Methanotrophs Contribute to Nitrogen Fixation in Emergent Macrophytes

Root-associated aerobic methanotroph plays an important role in reducing methane emissions from wetlands. In this study, we examined the activity of methane-dependent nitrogen fixation and active nitrogen-fixing bacterial communities on the roots of Typha angustifolia and Scirpus triqueter using a N-15-N-2 feeding experiment and a cDNA-based clone library sequence of the nifH gene, respectively. A N-15-N-2 feeding experiment showed that the N-2 fixation rate of S. triqueter (1.74 mu mol h(-1) g(-1) dry weight) was significantly higther than that of T. angustifolia (0.48 mu mol h(-1) g(-1) dry weight). The presence of CH4 significantly increased the incorporation of N-15-labeled N-2 into the roots of both plants, and the rate of CH4-dependent N-2 fixation of S. triqueter (5.6 mu mol h(-1) g(-1) dry weight) was fivefold higher than that of T. angustifolia (0.94 mu mol h(-1) g(-1) dry weight). The active root-associated diazotrophic communities differed between the plant species. Diazotrophic Methylosinus of the Methylocystaceae was dominant in S. triqueter, while Rhizobium of the Rhizobiaceae was dominant in T. angustifolia.
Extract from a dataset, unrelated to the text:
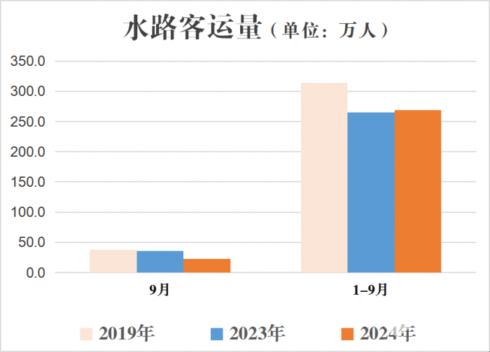 1-9月累计完成水路客运量268.42万人,比2023年同期增长1.2%,比2019年同期下降14.6%。

However, there were no significant differences in the copy numbers of nifH between plant species. These results suggest that N-2 fixation was enhanced by the oxidation of CH4 in the roots of macrophytes grown in natural wetlands and that root-associated Methylocystacea, including Methylosinus, contribute to CH4 oxidation-dependent N-2 fixation.

Automated summary

Root-associated aerobic methanotroph plays an important role in reducing methane emissions from wetlands. This study examined the nitrogen-fixing activity and bacterial communities on the roots of two plant species. The results showed that methane oxidation enhanced nitrogen fixation in the roots, and different plant species had different nitrogen-fixing bacterial communities.